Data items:
-- Opening Marker --
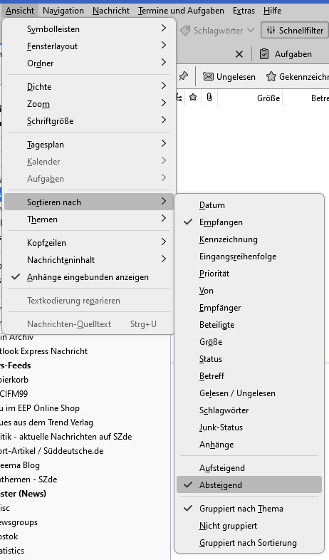 Ich finde Themenäume in TB 102 gut, möchte aber die Reihenfolge in der Anzeige ändern. Die neueste Nachricht soll immer oben stehen, also auch im zusammengeklappten Zustand immer sichtbar sein, weil ansonsten neue Nachrichten wie bei mir aktuell schnell übersehen werden. Mit den in einem anderen Thread vorgeschlagenen Einstellungen der mailnews.default Parameter habe ich experimentiert (meine Einstellungen siehe screenshot) , konnte die Anzeige aber nicht wie gewünscht ändern. Es steht weiterhin die älteste Nachricht oben
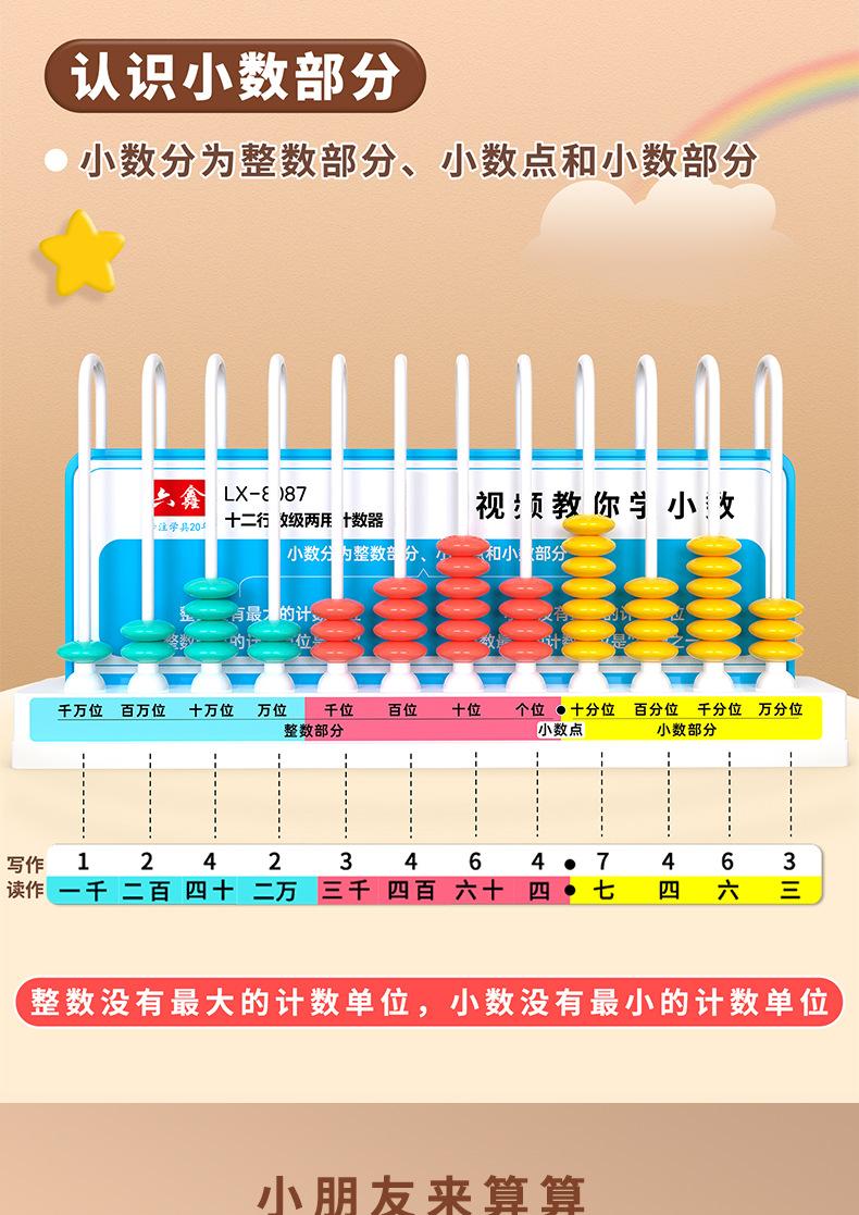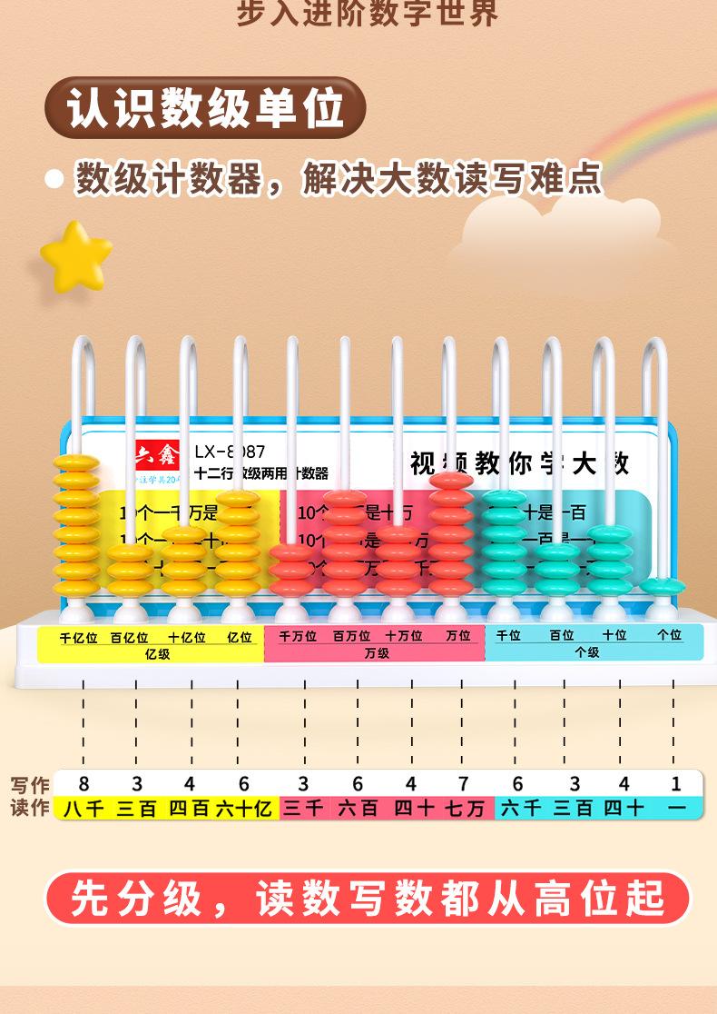 Contador para Estudiantes de Tercer y Cuarto Grado de Primaria, Ábaco Matemático, Aprendizaje con Ábaco, Soporte de Cálculo Vertical de 12 Filas
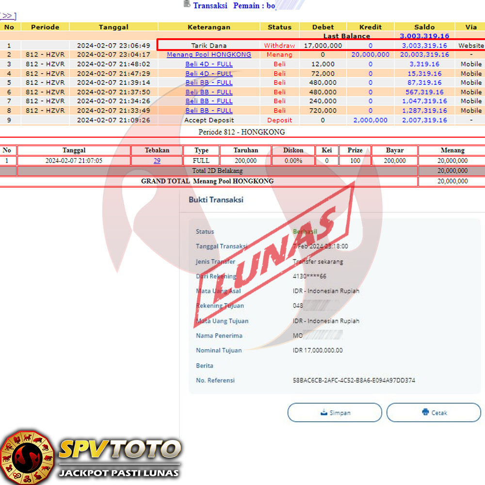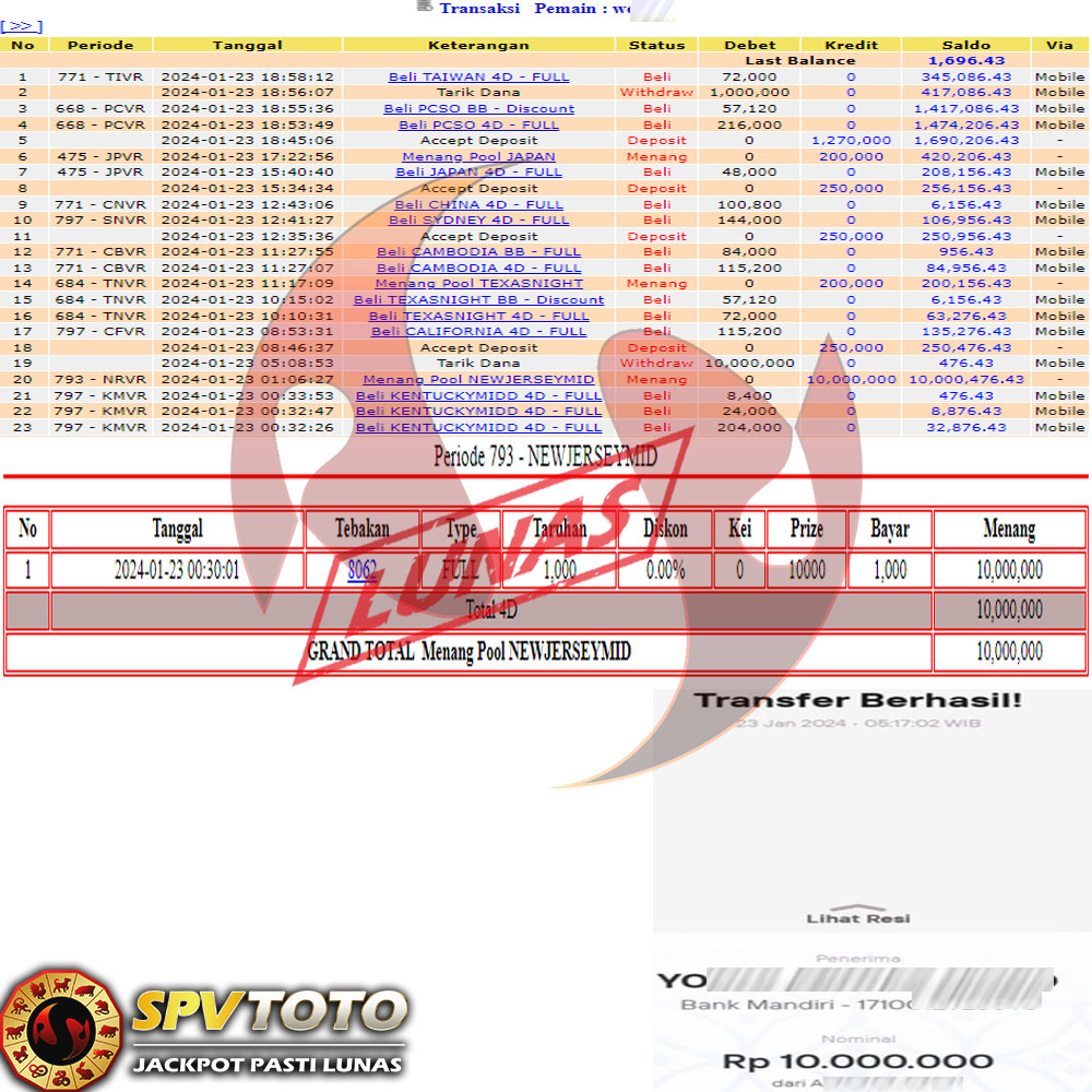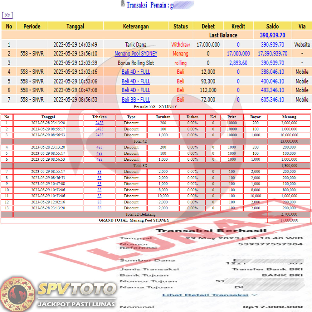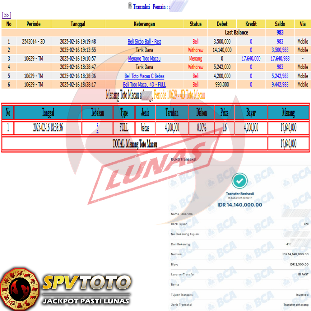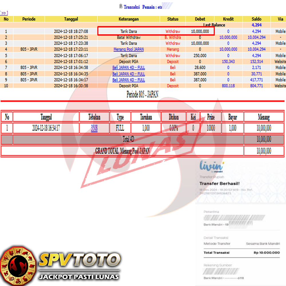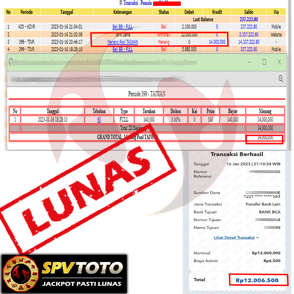 SELAMAT KEPADA MEMBER YANG MENDAPATKAN JACKPOT DI SPVTOTO
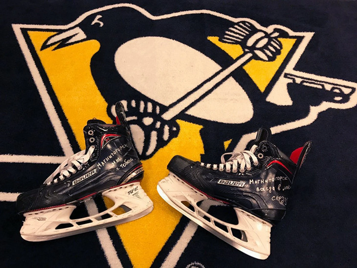 Форвард «Питтсбурга» Евгений Малкин почтил память жертв взрыва в Магнитогорске и нанес на игровые коньки надпись: «Магнитогорск, мы с тобой», на другом – «Магнитогорск всегда в моем сердце».
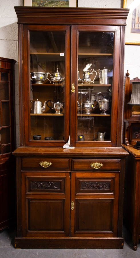 EDWARDIAN MAHOGANY CARVED 2 DOOR BOOKCASE AF 110W X 45D X 228H CM
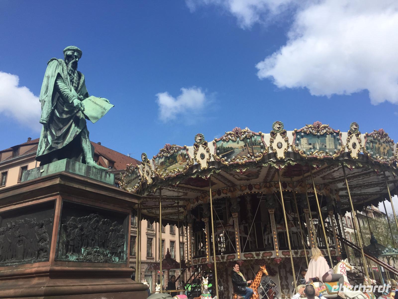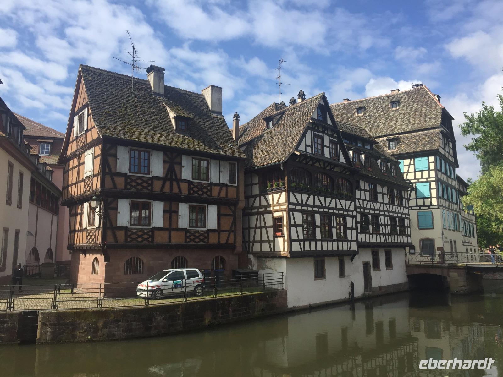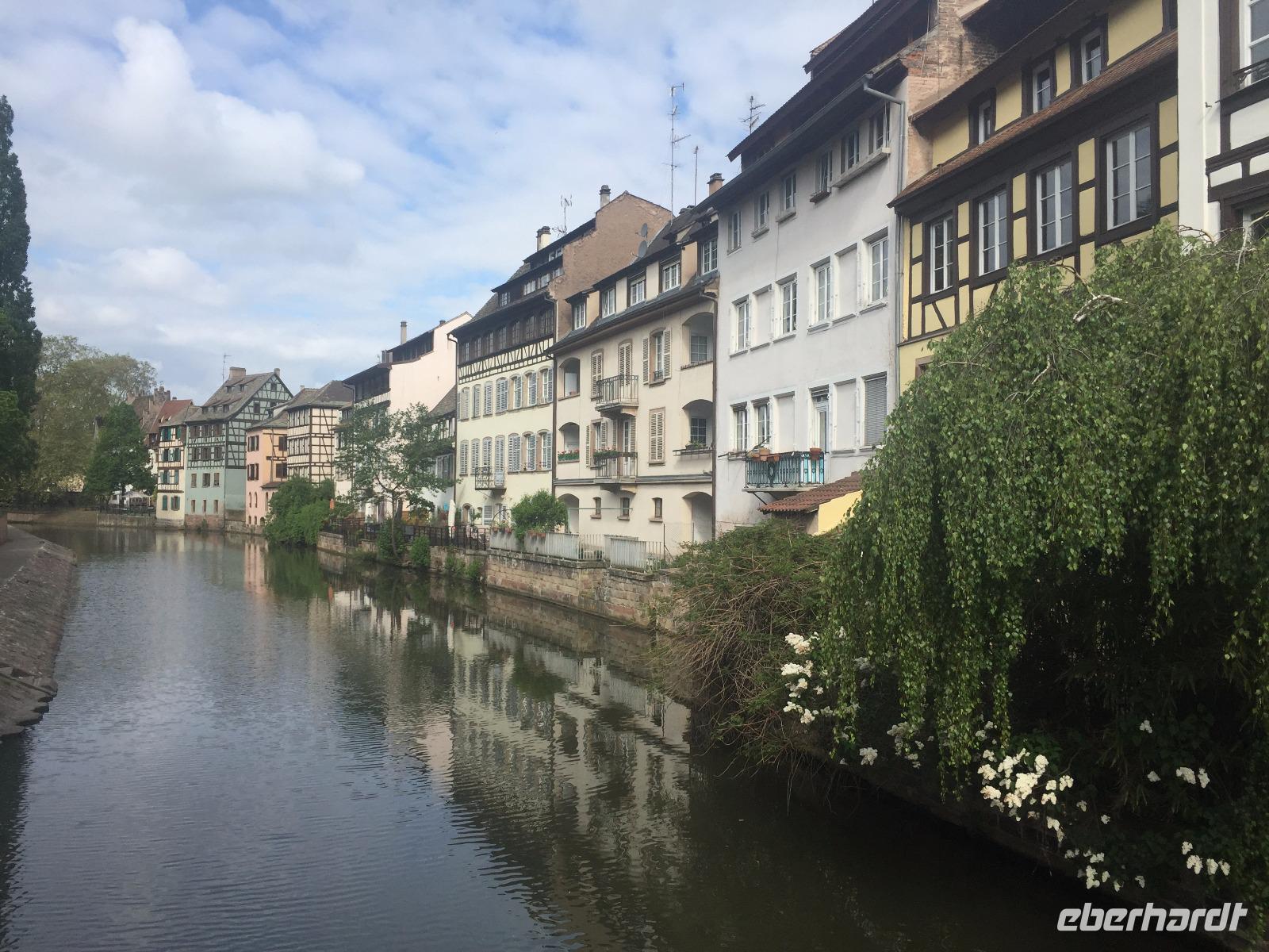 Der kulturelle und wirtschaftliche Mittelpunkt des Elsass empfängt uns bei wunderschönem Wetter mit einem Marathonlauf - welcher uns einige Improvisation abverlangt, da viele Straßen heute für den Verkehr gesperrt sind.
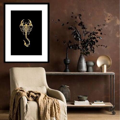 Quadro escorpião dourado - 60x48cm Moldura: madeira branca Informações do produto tire todas as suas dúvidas no descritivo abaixo: decoração para quarto, sala, cozinha, escritório, área gourmet e muito mais. Chega de paredes vazias medidas - cada peça tem 60x48cm . Material do papel - papel fotográfico brilhante de altíssima resolução acabamento - todos os quadros são acompanhados de vidro para proteção da imagem. - moldura em madeira maciça na cor preta ou branca conforme produto escolhido e pendurador. - paspatur branco com 7cm de largura - os quadros são embalados de forma segura com plástico bolha com camada dupla de acordo com o tamanho dos quadros. Garantia - garantia de 3 meses. Meu quadro chegou. Como posso fixá-lo Você precisa apenas de um martelo e um prego, pois os quadros já vão acompanhados de penduradores. Esta é a forma mais indicada. Como posso limpar meu quadro A limpeza é feita como um móvel comum da sua casa. Apenas um pano seco ou espanador são suficientes para tal
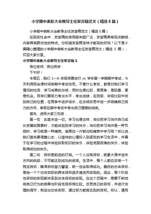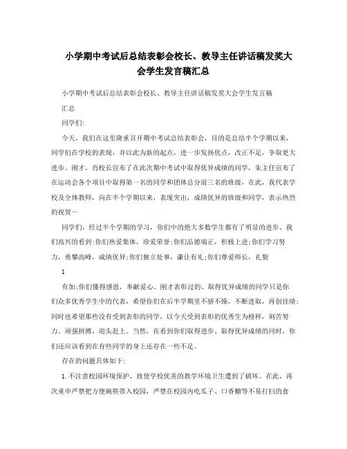 小学期中考试教导主任发言稿篇1各位老师,各位同学:大家好!今天,学校召开期中考试总结表彰大会。
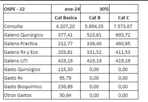 SeƱor Profesional : Informamos los nuevos valores de OSPE vigencia enero 2024.
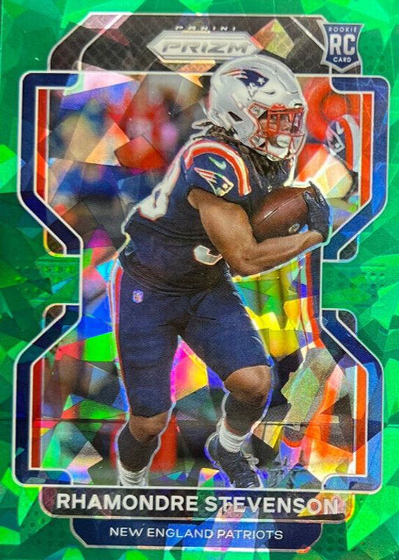 The Rhamondre Stevenson 2021 Prizm #367 Green Ice Rookie card in Raw condition has not changed in price in the last 30 days and was last sold for $6.50 .
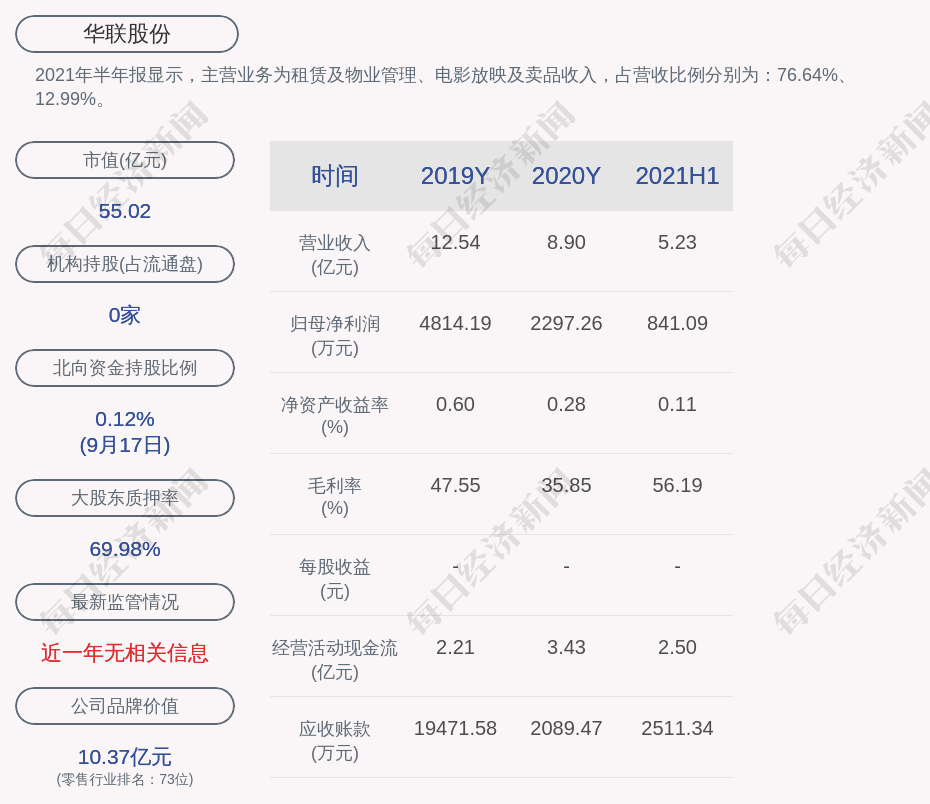 2021年半年报显示,华联股份的主营业务为租赁及物业管理、电影放映及卖品收入,占营收比例分别为:76.64%、12.99%。
-- Closing Marker --
WORK REQUEST:
Would you transcribe all of the data exactly, apart from its pictures?

RESPONSE BELOW:
 Ich finde Themenäume in TB 102 gut, möchte aber die Reihenfolge in der Anzeige ändern. Die neueste Nachricht soll immer oben stehen, also auch im zusammengeklappten Zustand immer sichtbar sein, weil ansonsten neue Nachrichten wie bei mir aktuell schnell übersehen werden. Mit den in einem anderen Thread vorgeschlagenen Einstellungen der mailnews.default Parameter habe ich experimentiert (meine Einstellungen siehe screenshot) , konnte die Anzeige aber nicht wie gewünscht ändern. Es steht weiterhin die älteste Nachricht oben
 Contador para Estudiantes de Tercer y Cuarto Grado de Primaria, Ábaco Matemático, Aprendizaje con Ábaco, Soporte de Cálculo Vertical de 12 Filas
 SELAMAT KEPADA MEMBER YANG MENDAPATKAN JACKPOT DI SPVTOTO
 Форвард «Питтсбурга» Евгений Малкин почтил память жертв взрыва в Магнитогорске и нанес на игровые коньки надпись: «Магнитогорск, мы с тобой», на другом – «Магнитогорск всегда в моем сердце».
 EDWARDIAN MAHOGANY CARVED 2 DOOR BOOKCASE AF 110W X 45D X 228H CM
 Der kulturelle und wirtschaftliche Mittelpunkt des Elsass empfängt uns bei wunderschönem Wetter mit einem Marathonlauf - welcher uns einige Improvisation abverlangt, da viele Straßen heute für den Verkehr gesperrt sind.
 Quadro escorpião dourado - 60x48cm Moldura: madeira branca Informações do produto tire todas as suas dúvidas no descritivo abaixo: decoração para quarto, sala, cozinha, escritório, área gourmet e muito mais. Chega de paredes vazias medidas - cada peça tem 60x48cm . Material do papel - papel fotográfico brilhante de altíssima resolução acabamento - todos os quadros são acompanhados de vidro para proteção da imagem. - moldura em madeira maciça na cor preta ou branca conforme produto escolhido e pendurador. - paspatur branco com 7cm de largura - os quadros são embalados de forma segura com plástico bolha com camada dupla de acordo com o tamanho dos quadros. Garantia - garantia de 3 meses. Meu quadro chegou. Como posso fixá-lo Você precisa apenas de um martelo e um prego, pois os quadros já vão acompanhados de penduradores. Esta é a forma mais indicada. Como posso limpar meu quadro A limpeza é feita como um móvel comum da sua casa. Apenas um pano seco ou espanador são suficientes para tal
 小学期中考试教导主任发言稿篇1各位老师,各位同学:大家好!今天,学校召开期中考试总结表彰大会。
 SeƱor Profesional : Informamos los nuevos valores de OSPE vigencia enero 2024.
 The Rhamondre Stevenson 2021 Prizm #367 Green Ice Rookie card in Raw condition has not changed in price in the last 30 days and was last sold for $6.50 .
 2021年半年报显示,华联股份的主营业务为租赁及物业管理、电影放映及卖品收入,占营收比例分别为:76.64%、12.99%。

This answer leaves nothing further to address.